Currently, machine learning plays an important role in biological and biomedical research, especially in the analysis of big ‘omics data. However, in contrast to traditional big social data, ‘omics datasets are currently always “small-sample-high-dimension”, which causes overwhelming application problems and also introduces new challenges:
(1) Big ‘omics datasets can be extremely unbalanced, due to the difficulty of obtaining enough positive samples of such rare mutations or rare diseases;
(2) A large number of machine learning models are “black box,” which is enough to apply in social applications. However, in biological or biomedical fields, knowledge of the molecular mechanisms underlying any disease or biological study is necessary to deepen our understanding;
(3) The genotype-phenotype association is a “white clue” captured in conventional big data studies. But identification of “causality” rather than association would be more helpful for physicians or biologists, as this can be used to determine an experimental target as the subject of future research.
Therefore, to simultaneously improve the phenotype discrimination and genotype interpretability for complex diseases, it is necessary:
To design and implement new machine learning technologies to integrate prior-knowledge with new ‘omics datasets to provide transferable learning methods by combining multiple sources of data;
To develop new network-based theories and methods to balance the trade-off between accuracy and interpretability of machine learning in biomedical and biological domains;
To enhance the causality inference on “small-sample high dimension” data to capture the personalized causal relationship.

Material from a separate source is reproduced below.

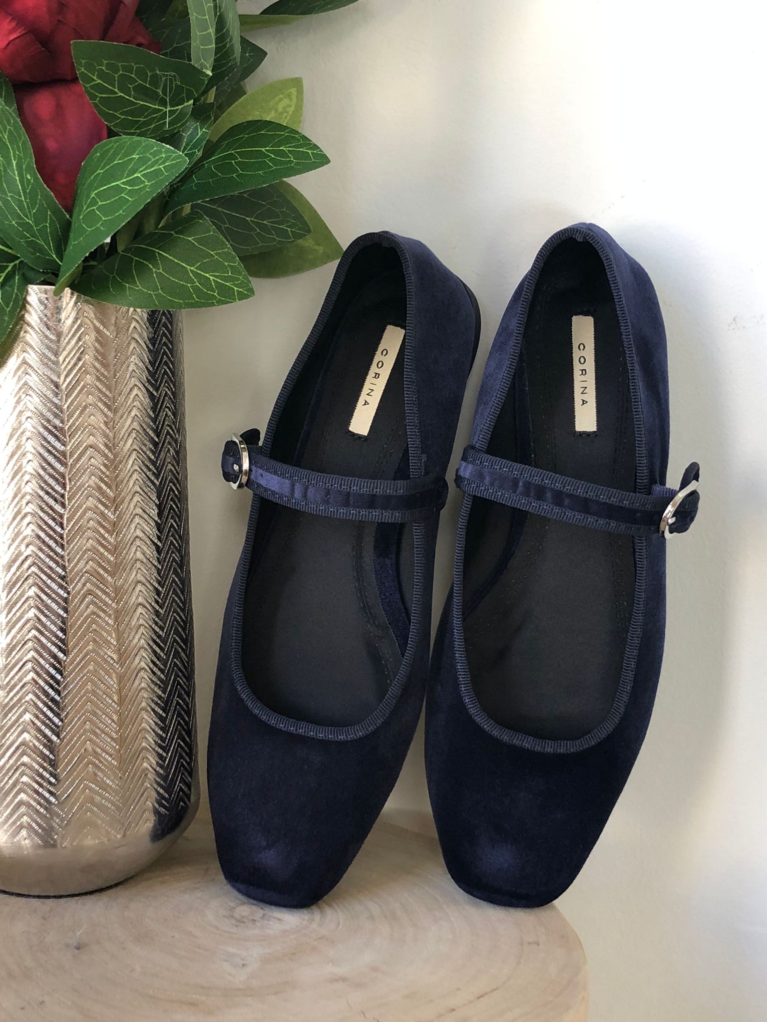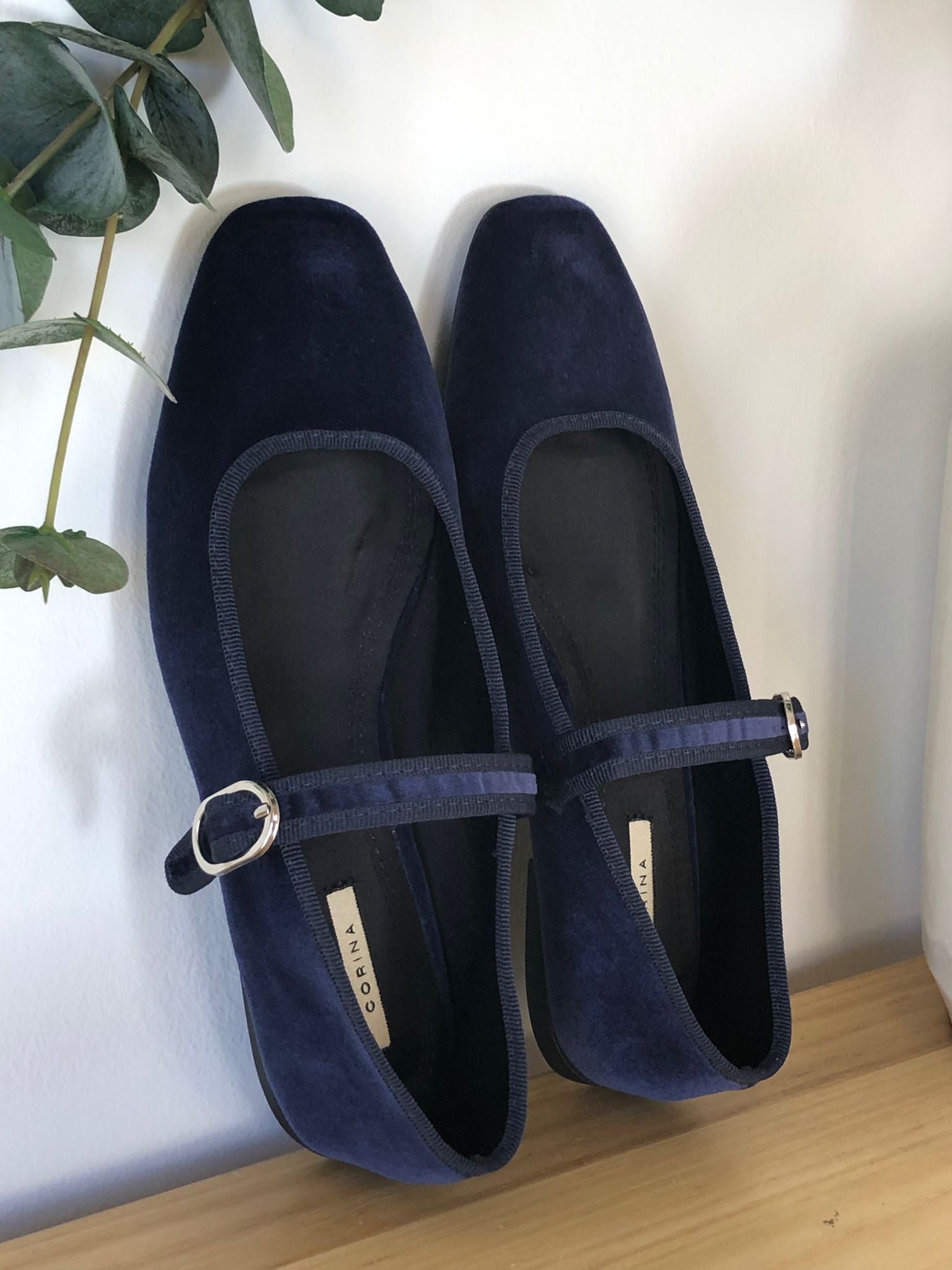 Estas bailarinas estilo Mary Jean en color azul lucen elegantes y cómodas gracias a su efecto terciopelo. Con su diseño clásico, te brindarán un toque sofisticado a tus looks diarios. Perfectas para una apariencia profesional y femenina.

In this Research Topic, we focus on the application of wet ‘omics technology and dry machine learning approaches together to further develop precision medicine. Several study designs are especially welcome:
(1) Studies based on individual temporal ‘omics data from disease cohorts or animal model, e.g. the sampling of time points across disease progression or treatment options;
(2) Studies based on multiple ‘omics data, e.g. the combination of genomic, transcriptomic, epigenomic, or proteomic data for a single disease/condition;
(3) Studies based on the gut metagenome and host 'omics for complex diseases diagnosis and treatment;
(4) Studies based on conditional genotype-phenotype detection with deep learning or other brain-like artificial intelligence (AI) technologies.

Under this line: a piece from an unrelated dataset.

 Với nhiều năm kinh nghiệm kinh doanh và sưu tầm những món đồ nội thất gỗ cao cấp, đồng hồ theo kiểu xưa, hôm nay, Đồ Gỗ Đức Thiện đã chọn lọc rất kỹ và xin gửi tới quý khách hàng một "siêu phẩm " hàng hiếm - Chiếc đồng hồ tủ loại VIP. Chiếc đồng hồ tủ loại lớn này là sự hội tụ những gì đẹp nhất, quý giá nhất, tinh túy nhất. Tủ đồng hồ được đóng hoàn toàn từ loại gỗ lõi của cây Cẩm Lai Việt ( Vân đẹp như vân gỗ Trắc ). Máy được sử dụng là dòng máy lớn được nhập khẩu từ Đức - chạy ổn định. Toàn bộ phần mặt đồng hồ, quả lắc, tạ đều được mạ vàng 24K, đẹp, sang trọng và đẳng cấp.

We encourage submissions of both Original Research and Review articles that address these existing challenges in the fields of disease progressive ‘omics data analysis, disease dynamic network biomarker detection, disease drivers or controls recognition, predictive individual disease model, disease re-stratification model, rare disease model, small-sample based machine learning model, and “white-box” or “grey-box” deep learning approach for precision medicine.